CRYSTALLOGRAPHIC ANALYSIS OF A FRAGMENT FROM CHICKEN TENASCIN CONTAINING TWO FIBRONECTIN-TYPE III DOMAINS Klaus Piontek, Daniel Bisig, Peter Weber, Lloyd Vaughan, Kaspar Winterhalter, Laboratory of Biochemistry, Swiss Federal Institute of Technology (ETH), CH-8092 Zürich, Switzerland.
Tenascin-C is an extracellular glycoprotein composed of six identical polypeptide chains which are linked together at their N-terminal ends to form a hexabrachion structure. Each polypeptide comprises a serie of 13.5 tandem repeats homologous to epidermal growth factor followed by 8-13 fibronectin type III (TNfn)-like domains and finally one fibrinogen-like domain at the C-terminus. Alternative splicing of TNfn domains between the domains 5 and 6 leads to the three major isoforms found in chicken. In the smallest isoform (190 kDa) these two domains are adjacent to each other. Tenascin-C isoforms are differently expressed in development and in response to malignancy, leading to the expectation of isoform-specific functions. TNfn5 binds heparin and other iduronic acid-containing glycosaminoglycans, presumably via a conserved heparin binding motif. Furthermore, TNfn56 binds to the neural cell adhesion molecule contactin/F11, an interaction which is inhibitable by heparin. To explore these interactions in greater detail we have prepared a fusion protein containing domains 5 and 6 and attempt now the crystal structure determination of this 20 kDa protein.

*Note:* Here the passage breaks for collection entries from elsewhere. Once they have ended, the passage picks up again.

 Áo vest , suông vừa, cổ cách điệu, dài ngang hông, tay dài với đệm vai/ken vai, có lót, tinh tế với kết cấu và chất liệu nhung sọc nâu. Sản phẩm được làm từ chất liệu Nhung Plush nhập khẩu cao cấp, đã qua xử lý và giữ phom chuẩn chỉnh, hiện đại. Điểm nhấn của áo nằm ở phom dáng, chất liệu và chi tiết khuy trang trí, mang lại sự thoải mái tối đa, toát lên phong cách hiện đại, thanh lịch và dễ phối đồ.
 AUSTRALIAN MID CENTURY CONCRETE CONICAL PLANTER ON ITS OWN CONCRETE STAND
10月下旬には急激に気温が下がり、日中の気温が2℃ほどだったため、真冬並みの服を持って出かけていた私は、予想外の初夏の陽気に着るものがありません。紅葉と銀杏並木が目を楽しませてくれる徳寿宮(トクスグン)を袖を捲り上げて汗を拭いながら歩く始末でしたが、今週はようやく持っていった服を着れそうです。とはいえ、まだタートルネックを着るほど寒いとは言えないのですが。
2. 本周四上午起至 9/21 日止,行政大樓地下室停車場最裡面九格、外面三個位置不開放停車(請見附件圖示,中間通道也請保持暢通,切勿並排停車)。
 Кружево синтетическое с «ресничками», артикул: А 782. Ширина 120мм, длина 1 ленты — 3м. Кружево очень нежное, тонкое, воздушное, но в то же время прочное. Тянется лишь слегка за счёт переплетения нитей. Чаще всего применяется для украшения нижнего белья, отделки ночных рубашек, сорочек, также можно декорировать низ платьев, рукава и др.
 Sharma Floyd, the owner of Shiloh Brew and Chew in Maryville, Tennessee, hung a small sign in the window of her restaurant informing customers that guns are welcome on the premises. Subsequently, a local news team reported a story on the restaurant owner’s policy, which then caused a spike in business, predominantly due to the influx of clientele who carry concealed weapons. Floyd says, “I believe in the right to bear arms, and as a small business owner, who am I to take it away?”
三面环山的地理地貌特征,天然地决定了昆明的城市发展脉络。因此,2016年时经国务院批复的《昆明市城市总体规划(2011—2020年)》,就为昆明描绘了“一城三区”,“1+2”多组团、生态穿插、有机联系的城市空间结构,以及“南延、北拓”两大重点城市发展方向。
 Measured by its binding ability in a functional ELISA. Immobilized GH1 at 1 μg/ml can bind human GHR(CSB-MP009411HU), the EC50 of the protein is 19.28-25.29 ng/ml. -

TNfn56 crystallizes from 27% PEG2000, 100mM Na-acetate, pH 4.5 at RT in a monoclinic (P21, a=47.7Å, b=54.9Å, c=97.0Å, ß=104.4deg., Vm=3.08 Å3/Da, 2 mol/a.u.) and an orthorhombic (P2221, a=45.3Å, b=71.9Å, c=58.0Å, Vm=2.36 Å3/Da, 1mol/a.u.) form. Both crystal forms diffract to about 2.6 Å resolution. The majority of the monoclinic crystals is twinned and the diffraction limit of this form frequently lies only between 3.2 and 4.0 Å. Furthermore, the formation of the orthorhombic form can not be directed. Despite the sparse availability of suitable single crystals we have collected a data set of monoclinic crystals to 2.6 Å resolution utilizing synchrotron radiation (DESY/Germany) and a data set to 2.8 Å resolution on a conventional X-ray source. Presently we attempt the structure determination with the molecular replacement technique and, in parallel, with isomorphous replacement.